Further data mining found that SARS-CoV-2 infection results in increased NAMPT gene expression in three pulmonary cell lines: Calu3, NHBE, and A549 (data from (29)/GSE147507 and accessed through Skyline Immgen (www.immgen.org) (Figures 3A–C). Calu3 cells are a submucosal gland cell line generated from a bronchial adenocarcinoma. A549 cells are adenocarcinoma alveolar basal epithelial cells. NHBE cells are normal human bronchial epithelial cells isolated from above the bifurcation of the lungs.

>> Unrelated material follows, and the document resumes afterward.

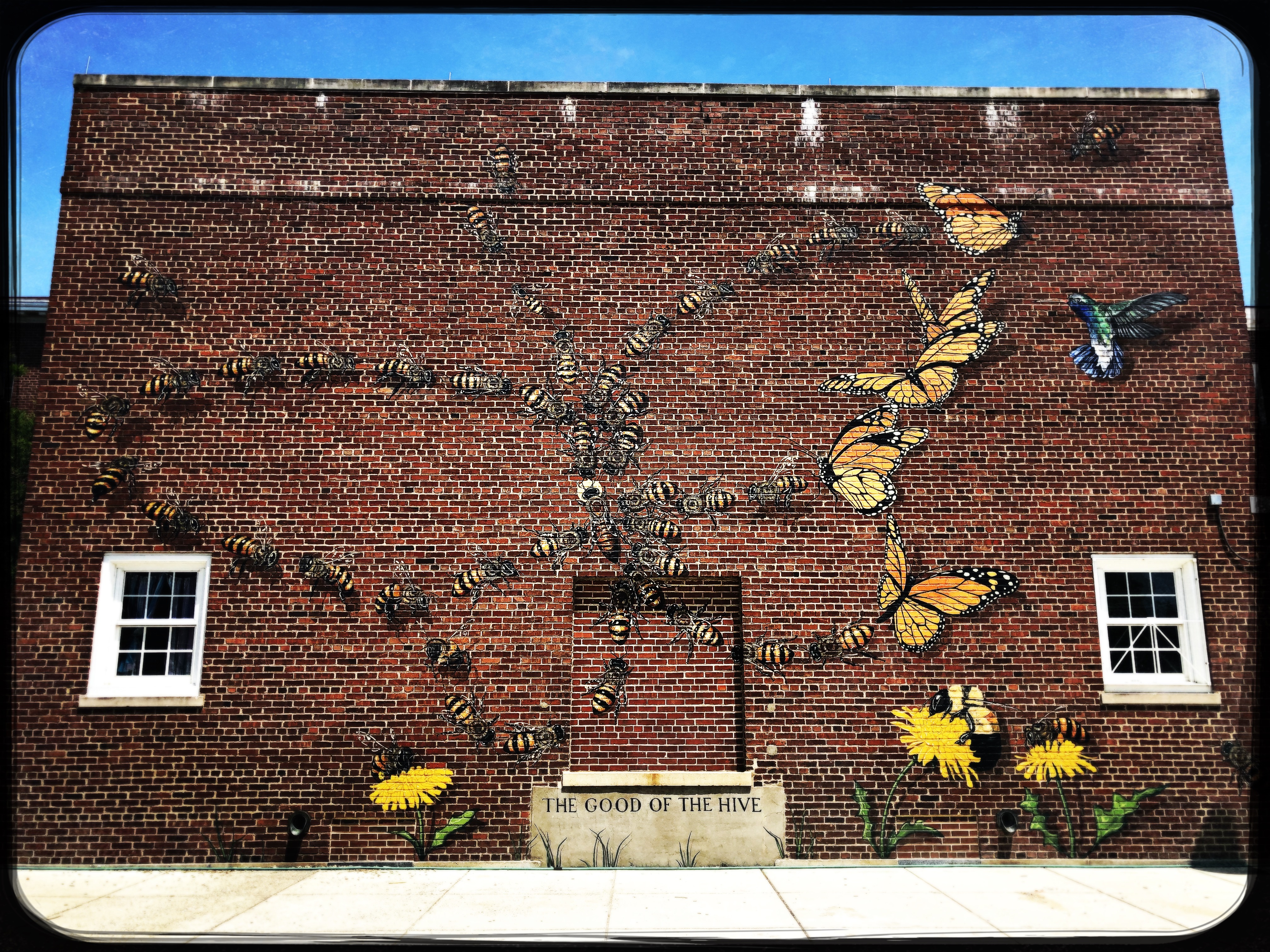 On the Janney school grounds, but not visible from the street, is this awesome mural by Matthew Willey. Willey has made a personal commitment to hand-paint 50,000 honeybees – the number necessary for a healthy, thriving hive – in murals around the world. You can read more about Willey and his project at http://www.thegoodofthehive.com
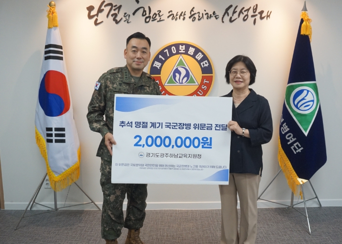 오성애 교육장은 “어려운 여건에서도 묵묵히 헌신하는 국군 장병 여러분과 복지시설 관계자분들께 광주하남 교육가족을 대표해 깊이 감사드린다”며 “작은 정성이지만 따뜻한 마음이 전해져 우리 사회 모든 구성원들이 풍성하고 넉넉한 한가위를 보내시길 바란다”고 말했다.

Figure 3 Cell culture experiments demonstrate upregulation of NAMPT in response to SARS-CoV-2 infection. SARS-CoV-2 infection induced NAMPT gene expression in (A) Calu3 cells, (B) NHBE cells, and (C) A549 cells (GSE147507, Data was accessed through Skyline Immgen (www.immgen.org)). (D) SARS-CoV-2 infection failed to induce a robust increase in NAMPT in primary human airway epithelial cells from aged individuals (GSE175779). ANOVA was used followed by Tukey’s multiple comparisons test. *p<0.05, **p<0.01, ***p<0.001, ****p<0.0001.
Interestingly, SARS-CoV-2 infection of primary human airway epithelial cells from aged individuals failed to elicit a robust increase in NAMPT (31) (Figure 3D). This may suggest that lungs of aged individuals have decreased capacity to upregulate NAMPT as compensation for increased NAD turnover from SARS-CoV-2 infection.

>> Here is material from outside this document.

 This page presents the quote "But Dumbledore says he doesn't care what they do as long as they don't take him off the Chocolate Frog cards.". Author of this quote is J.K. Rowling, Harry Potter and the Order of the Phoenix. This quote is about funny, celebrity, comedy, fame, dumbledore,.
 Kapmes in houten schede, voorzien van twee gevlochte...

Effect of NR and Anti-monomeric NAMPT antibody on SARS-CoV-2 infection
Our validated findings demonstrating increased NAD turnover in SARS-CoV-2 infection suggested that modulating NAD pathways may alter disease progression and may offer therapeutic benefits. Specifically, we hypothesized that treating K18-hACE2 mice with nicotinamide riboside (NR), a potent NAD precursor, may mitigate lethality and improve recovery from SARS-CoV-2 infection. We also tested the therapeutic potential of an anti- monomeric NAMPT antibody using the same infection model. Nicotinamide phosphoribosyltransferase (NAMPT) is the rate-limiting biosynthetic enzyme in the salvage NAD synthesis pathway and exists intracellularly (iNAMPT) and extracellularly (eNAMPT) (32). NAMPT can exist in either a monomeric or dimeric configuration (33). Monomeric NAMPT may promote pro-inflammatory effects that contribute to diabetes (34, 35) and ARDS in mouse model (36). While small molecular inhibitors (FK866 and GMX1778) are available, they will block all NAMPT and prevent the ability to dissect the role of monomeric NAMPT. We chose this antibody based on previous report of anti-monomeric NAMPT activity (35). Since data suggests that that SARS-CoV-2 dysregulates NAD metabolism by increasing NAD turnover, boosting NAD levels may promote cellular NAD balance and potentially alleviate the dysregulation. Blockade of monomeric NAMPT would tend to inhibit the NAD-independent effects of NAMPT, and maintain NAD-dependent effects of NAMPT.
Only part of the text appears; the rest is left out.